Using evolutionary computation for discovering spam patterns from e-mail samples
Authors:David Ruano-Ordás  Florentino Fdez-Riverola  José R Méndez
Institution:1. Department Computer Science, University of Vigo, ESEI, Campus As Lagoas, 32004, Ourense, Spain;2. Centro de Investigaciones Biomédicas (Centro Singular de Investigación de Galicia), Campus Universitario Lagoas-Marcosende, 36310, Vigo, Spain
Abstract:One of the most relevant problems affecting the efficient use of e-mail to communicate worldwide is the spam phenomenon.
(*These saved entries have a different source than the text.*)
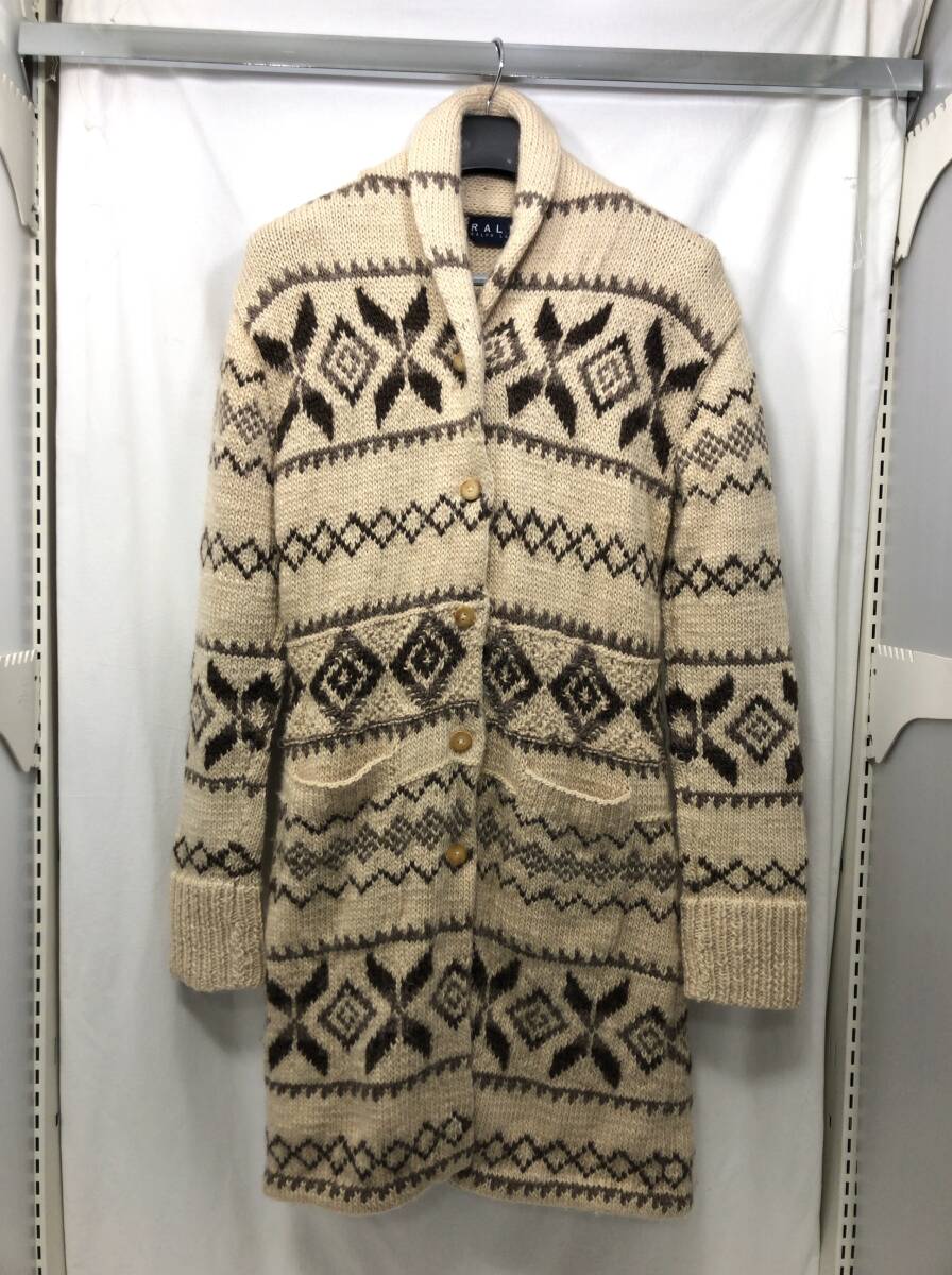 > POLO RALPH LAUREN ニット ロング カーディガン レディース M ベージュ系 ノルディック柄 ポロ ラルフローレン E9
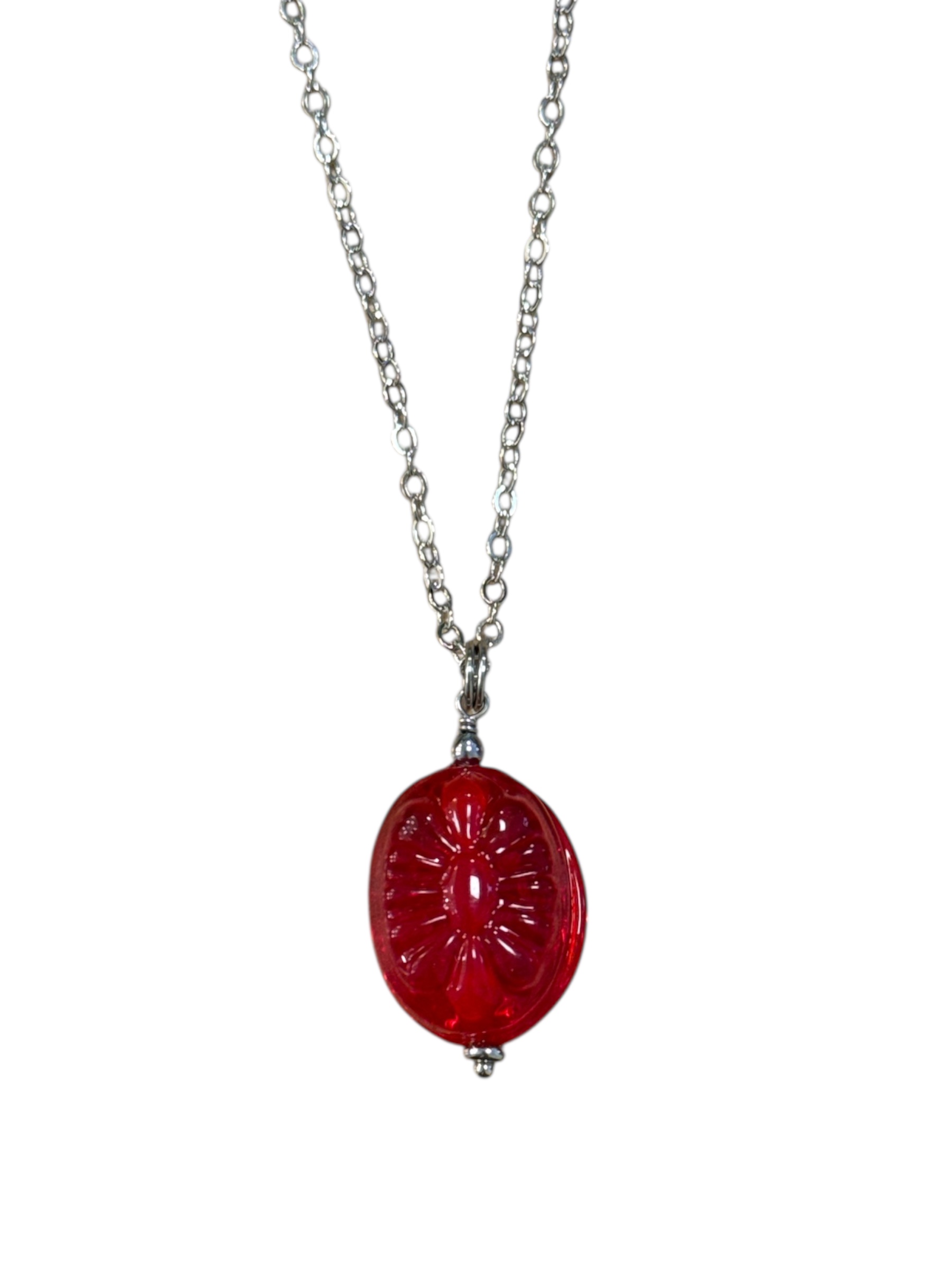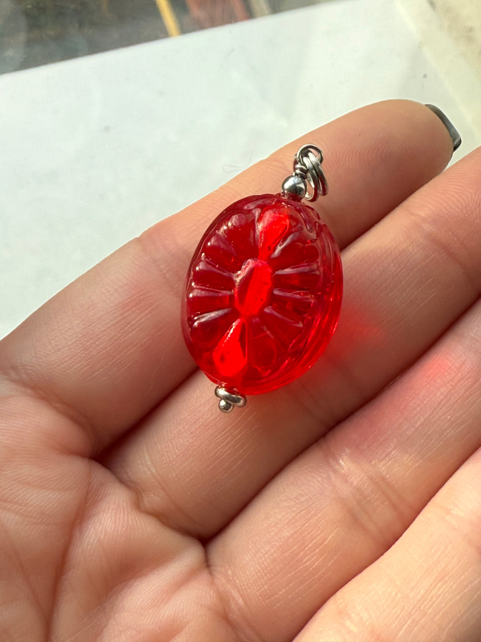 Подвеска «Конфетка», красная, родированная латунь, стекло
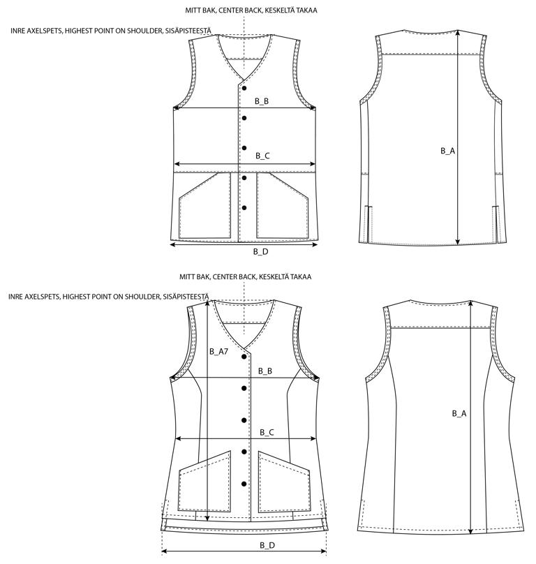 Damväst med något insväng i midjan, slitsar i nederkant och tryckknappar i framkant. Bröstficka och två snedställda fickor fram. Rygglängd 68 cm i storlek M.

Spamming involves flooding Internet with undesired messages aimed to promote illegal or low value products and services. Beyond the existence of different well-known machine learning techniques, collaborative schemes and other complementary approaches, some popular anti-spam frameworks such as SpamAssassin or Wirebrush4SPAM enabled the possibility of using regular expressions to effectively improve filter performance. In this work, we provide a review of existing proposals to automatically generate fully functional regular expressions from any input dataset combining spam and ham messages. Due to configuration difficulties and the low performance achieved by analysed schemes, in this work we introduce DiscoverRegex, a novel automatic spam pattern-finding tool. Patterns generated DiscoverRegex outperform those created by existing approaches (able to avoid FP errors) whilst minimising the computational resources required for its proper operation. DiscoverRegex source code is publicly available at https://github.com/sing-group/DiscoverRegex.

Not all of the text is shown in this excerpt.